:: Dataset section
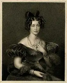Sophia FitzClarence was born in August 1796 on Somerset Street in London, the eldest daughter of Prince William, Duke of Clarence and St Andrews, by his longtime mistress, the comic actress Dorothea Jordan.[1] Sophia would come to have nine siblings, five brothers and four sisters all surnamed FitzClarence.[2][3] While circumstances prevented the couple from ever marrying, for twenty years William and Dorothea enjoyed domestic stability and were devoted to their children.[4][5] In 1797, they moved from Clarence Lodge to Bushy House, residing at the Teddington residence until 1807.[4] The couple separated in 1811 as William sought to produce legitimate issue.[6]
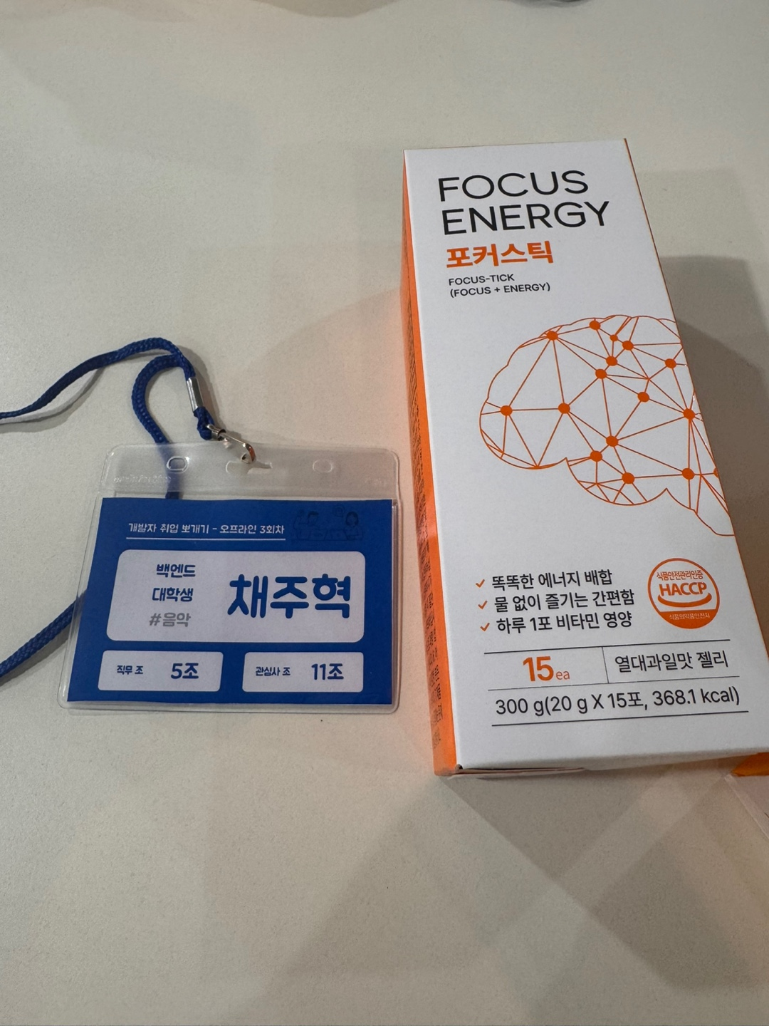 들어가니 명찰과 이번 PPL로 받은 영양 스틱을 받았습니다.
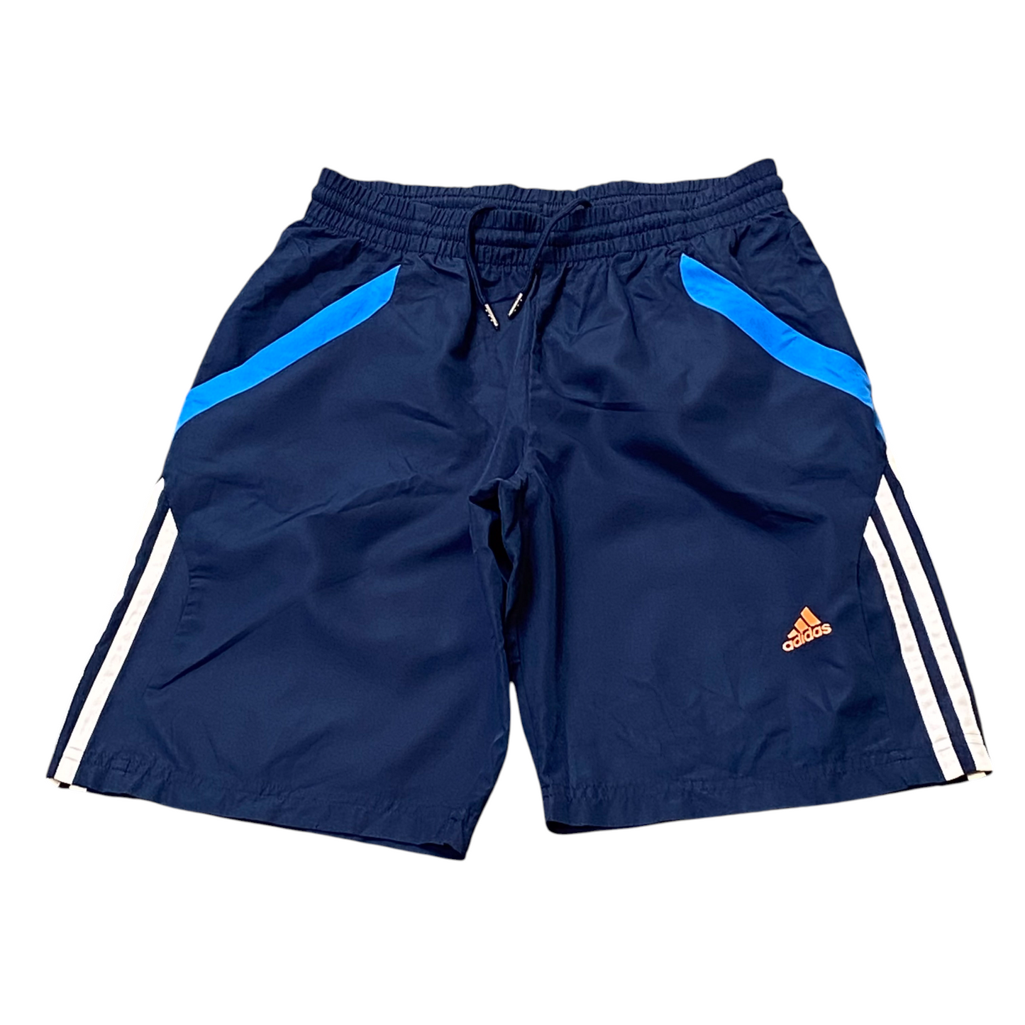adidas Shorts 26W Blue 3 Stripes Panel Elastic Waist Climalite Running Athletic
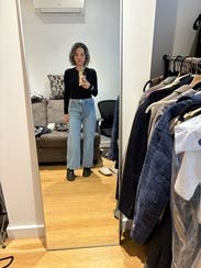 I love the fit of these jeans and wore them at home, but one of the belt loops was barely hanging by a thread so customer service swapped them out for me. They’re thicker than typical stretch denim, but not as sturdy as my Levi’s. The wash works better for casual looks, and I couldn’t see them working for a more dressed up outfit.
::::
● What this task involves
Your copy must consist solely of the lines from the one containing "adidas Shorts 26W" through the final line of the material above, transcribed exactly, with the pictures left out.

● Answer box
adidas Shorts 26W Blue 3 Stripes Panel Elastic Waist Climalite Running Athletic
 I love the fit of these jeans and wore them at home, but one of the belt loops was barely hanging by a thread so customer service swapped them out for me. They’re thicker than typical stretch denim, but not as sturdy as my Levi’s. The wash works better for casual looks, and I couldn’t see them working for a more dressed up outfit.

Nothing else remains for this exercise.